The disclosed system provides a reliable yet inexpensive pickup for ferrous string instruments by eliminating the inductively coupled coils present in prior systems. Since the absence of coils eliminates interwinding capacitance the disclosed pick-up system is capable of much better frequency response characteristics. Also, since the Hall cell is an extremely low output impedance device, the disclosed system is very low in noise pick-up and having no inductance, is relatively insensitive to hum such as 60 cycle power lines.
FIG. 1 is a fragmentary, perspective view of a portion of a stringed instrument incorporating the pickup of the invention;
FIG. 2 is an enlarged, perspective view of a single string and associated pickup elements of the instrument of FIG. 1; and
FIGS. 3 and 3A are side elevational and plan views respectively, showing an alternate embodiment of the pickup elements.

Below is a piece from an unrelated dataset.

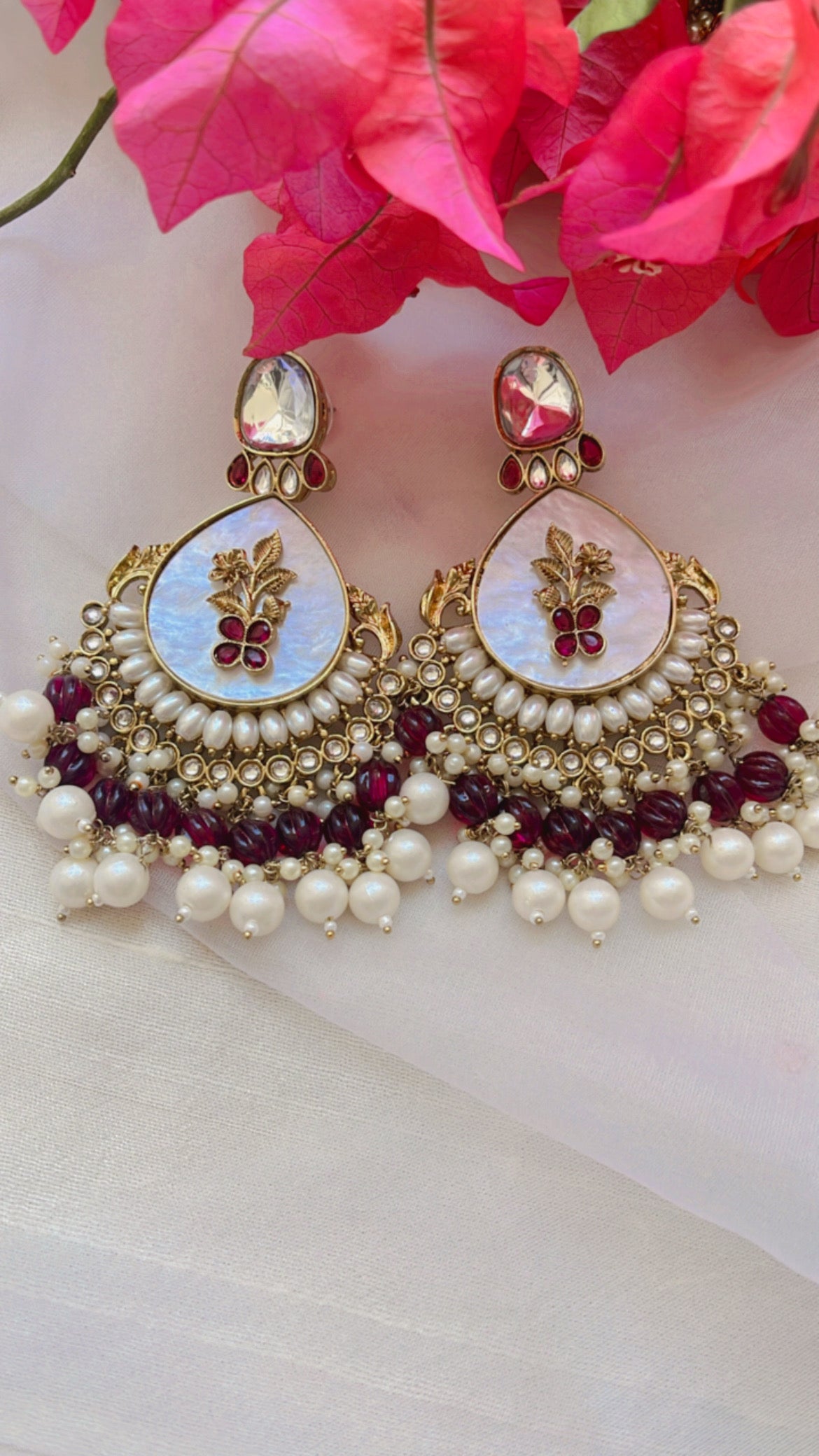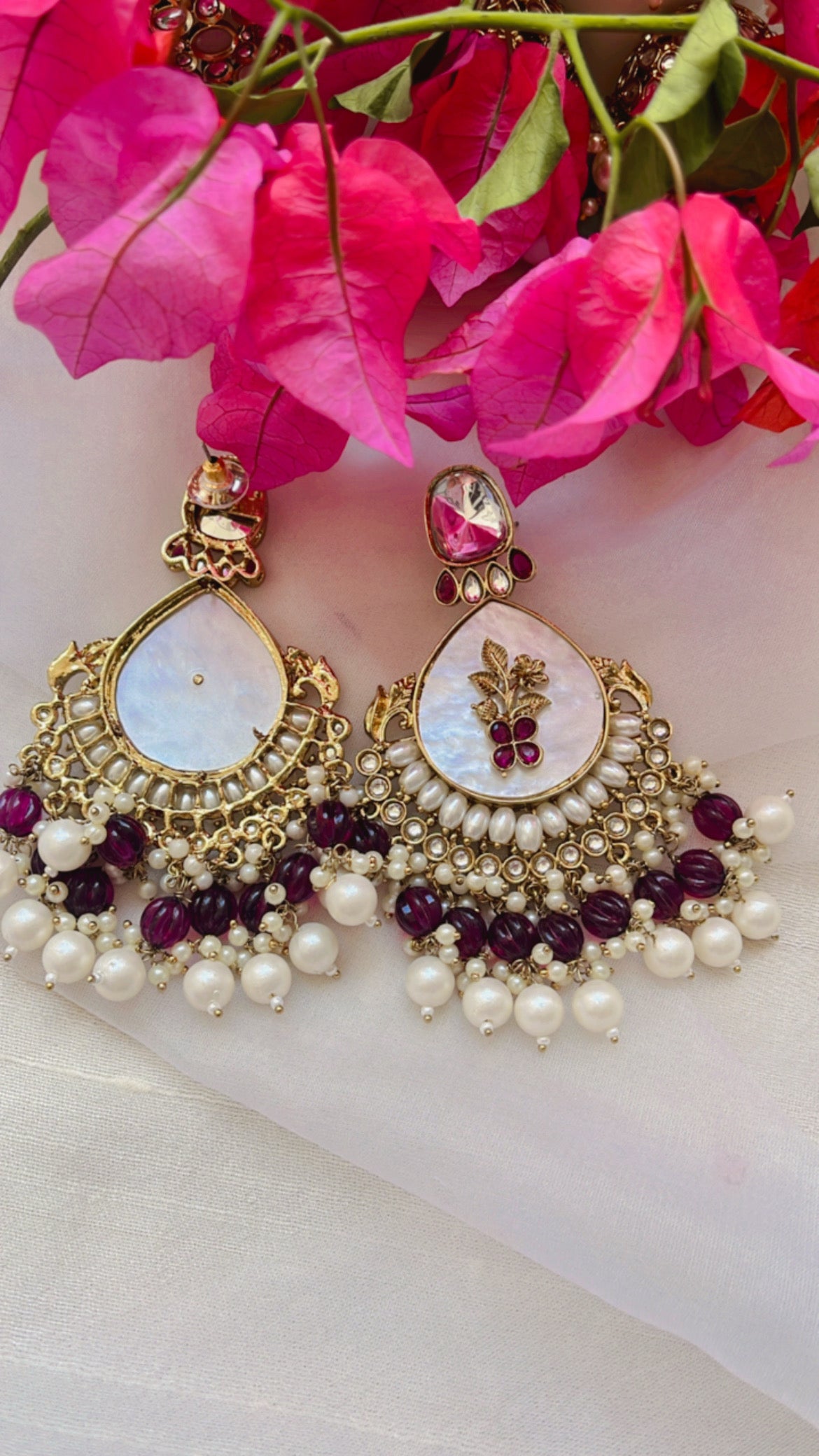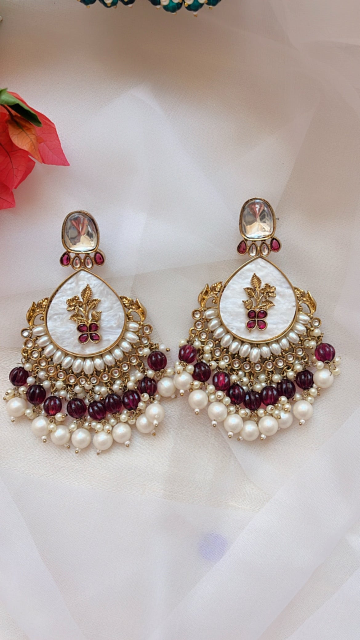 The Mista Earring features exquisite mother of pearl carving, accented with lustrous pearls and a vibrant green stone for a touch of elegance. Its intricate kundan stone design adds a unique and sophisticated touch, making it perfect for special occasions such as weddings and festivals. Crafted with high quality materials, this earring is a must-have for all your festive needs.

The present invention relates to magnetic pickups for stringed musical instruments and, more particularly, to a variable reluctance pickup system which requires no inductively coupled coils.

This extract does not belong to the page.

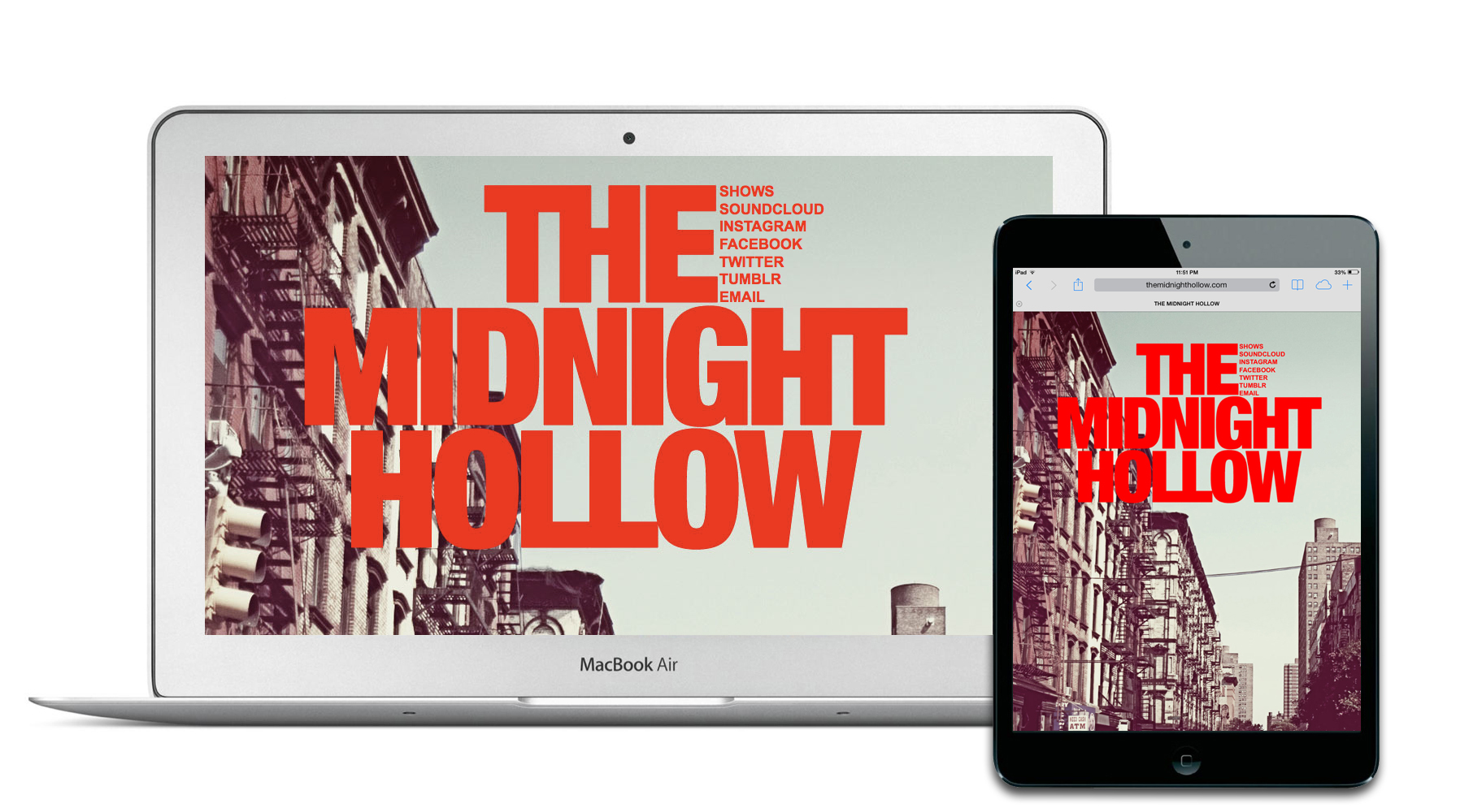 This is a website I did for Brooklyn based gazey crooners, The Midnight Hollow. They wanted something dark, simple, efficient that links to all their social media, music, and contacts.

Many stringed musical instruments, most notably guitars, are presently provided with electronic amplification systems which employ mechanical-electrical transducers. These transducers, or pickups, include one or more permanent magnets fixedly or adjustably positioned with respect to the magnetically permeable strings so that the lines of magnetic flux are traversed by the vibrating string. A voltage is induced in a coil surrounding one or more magnets or pole pieces in accordance with the magnetic reluctance as determined by the frequency and amplitude of string vibration. Although many variations of magnet-coil configurations and couplings have been suggested in the prior art in order to improve or modify the sound output in some desired manner, it remains a costly and difficult operation to wrap the coils which are inductively coupled to the magnets.
It is a principal object of the present invention to provide a magnetic pickup in combination with a stringed instrument with improved sound reproducing qualities.
A further object is to provide a stringed instrument magnetic pickup having no inductively coupled coils, thus essesntially eliminating hum pick-up.
Another object is to provide a magnetic pickup which is more compact than conventional magnet-coil pickups while providing as good or better quality of sound reproduction.
A still further object is to provide a novel and improved electronic pickup for a stringed instrument having better frequency response, signal-to-noise ratio, and hum and noise rejection than conventional, inductive coil pickups.
Still another object is to provide a magnetic pickup for stringed instruments which is both reliable and relatively inexpensive to manufacture.
Other objects will in part be obvious and will in part appear hereinafter.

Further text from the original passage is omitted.